First edition of the extraordinary slave narrative of Peter Still, kidnapped from his home in New Jersey as a young child and made a slave in Kentucky and Alabama for forty years. With six pages of ads for other publications by Miller, Orton & Mulligan, (including a quote from Lydia Maria Child urging reading Archy Moore, The White Slave, by Richard Hildreth, one by Fanny Fern praising My Bondage and My Freedom, by Frederick Douglass, Tweleve Years a Slave, by Solomon Nothrop, a temperance tract, and Lives of Judges, Infamous as Tools of Tyranny); Kate Pickard, a teacher at the Female Seminary of Tuscumbia, Alabama, where Peter Still was employed, has written the narrative. Still, at age fifty, devised to escape by being purchased by two southern Jewish merchants, Isaac and Joseph Friedman. The Friedmans went north and Peter was able to self-redeem his freedom with money the Friedman brothers paid him for his work. Peter Still then returned to the South for his wife and children. His family escaped with the help of Seth Concklin, a white abolitionist, who was captured by slave hunters in the North and, while being taken to the South, was either killed or committed suicide at the hopelessness of his plight. Dr. William Furness' appendix is an account of Concklin's life.
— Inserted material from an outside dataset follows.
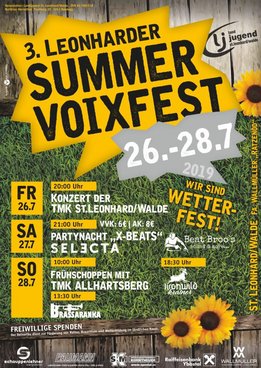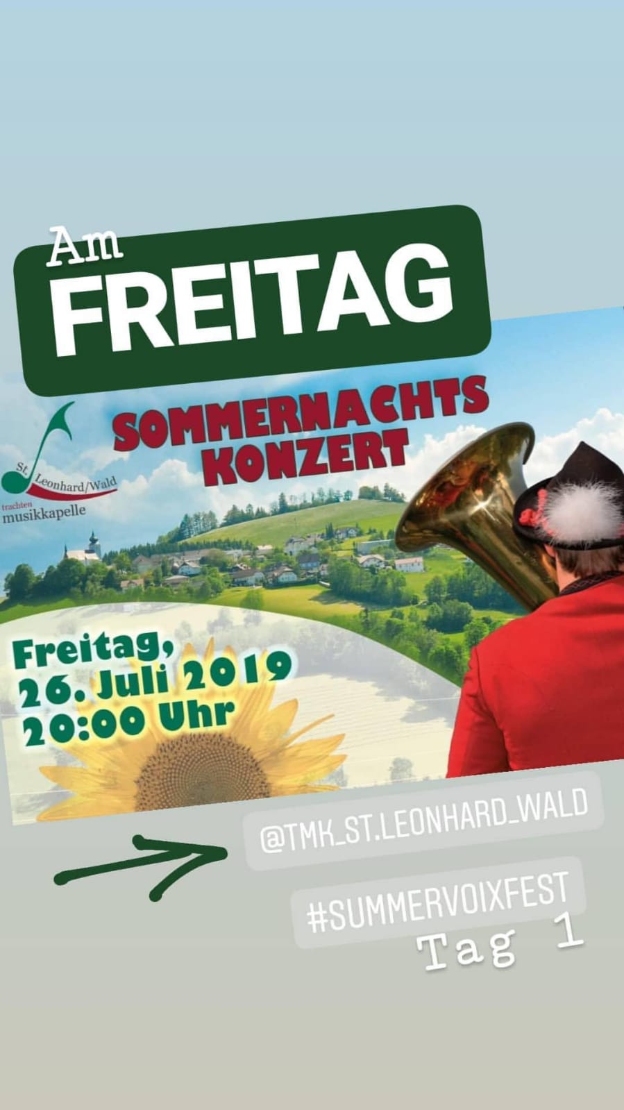 Das Highlight des Jahres, war das 3. Leonharder Summer Voixfest vom 26.07.-28.07.2019 in St. Leonhard/Wald bei der Firma Wallmüller "Ratzenöd". Eröffnet wurde das "Summer Voixfest" am Freitag um 20:00 Uhr mit dem Sommernachtskonzert der TMK St. Leonhard/Wald unter der Leitung von Kapellmeister Sebastian Heigl. Am Samstag folgte DIE Partynacht "X-Beats" mit DJ Selecta und den Beat Broo's. Der traditionelle Sonntag, vom "Summer Voixfest" begann mit dem Frühschoppen der TMK Allhartsberg. Danach übernahm die böhmische Gruppe "Brassaranka" die musikalische Umrahmung. Am Abend sorgten die "Kronwildkrainer" für den perfekten Ausklang des Wochenendes. Zwischen den verschiedenen Musikgruppen absolvierten die VTG Gresten und die Schuhplattlergruppe Konradsheim imponierende Auftritte. Mit dem Kistenklettern, einer Schießbude und der Kinder Go-Kart Bahn war das Rahmenprogramm vom 3. Leonharder Summer Voixfest perfekt. Durch das abwechslungsreiche Programm war für jeden etwas dabei. Die zahlreichen Gäste und die tolle Stimmung machten die viele Arbeit aus den Vorbereitungen wieder wett. Vielen Dank an unsere Sponsoren, der TMK St. Leonhard/Wald für die gute Zusammenarbeit und allen fleißigen Helferleins! P.S: Weitere Fotos findet ihr auf unserer Facebookseite!

This slave narrative begins with Still's kidnapping, and, although a serious and traumatizing story, it was also read as an exciting adventure story. It can also be read as a history of the contribution of Jews to the Abolition movement. An unusual feature of the work is the explicit mention of miscegenation between white and black - a completely taboo subject at the time. This is a slave narrative of the greatest detail and scope, written from Peter Still's account by a woman of ability who had close knowledge of the subject. Because it is so skillfully written and incorporates dialogue, it appears to be a novel. It was so regarded by Wright (II, 1893), but it is not. In fact, correspondence by Peter Still detailing his efforts to purchase his wife's freedom, his account book, and other papers are located at Rutgers and at the Library of Congress. No less, a respected figure in the American abolition movement, Rev. Samuel J. May, has written a persuasive argument for reading this account of the horrors of slavery and the generosity of two Jewish merchants. Reprinted by the Negro Publication Society of America in 1941 and the Jewish Publication Society of America in 1970 with an introductory essay on Jews in the anti-slavery movement by Maxwell Whiteman. Blockson 9601 and 9603 respectively. Dumond, Bibliography of Antislavery in America, p. 94. Jackson, A History of Afro-American Literature, I, p. 153. Sabin 62614. Blockson 9602.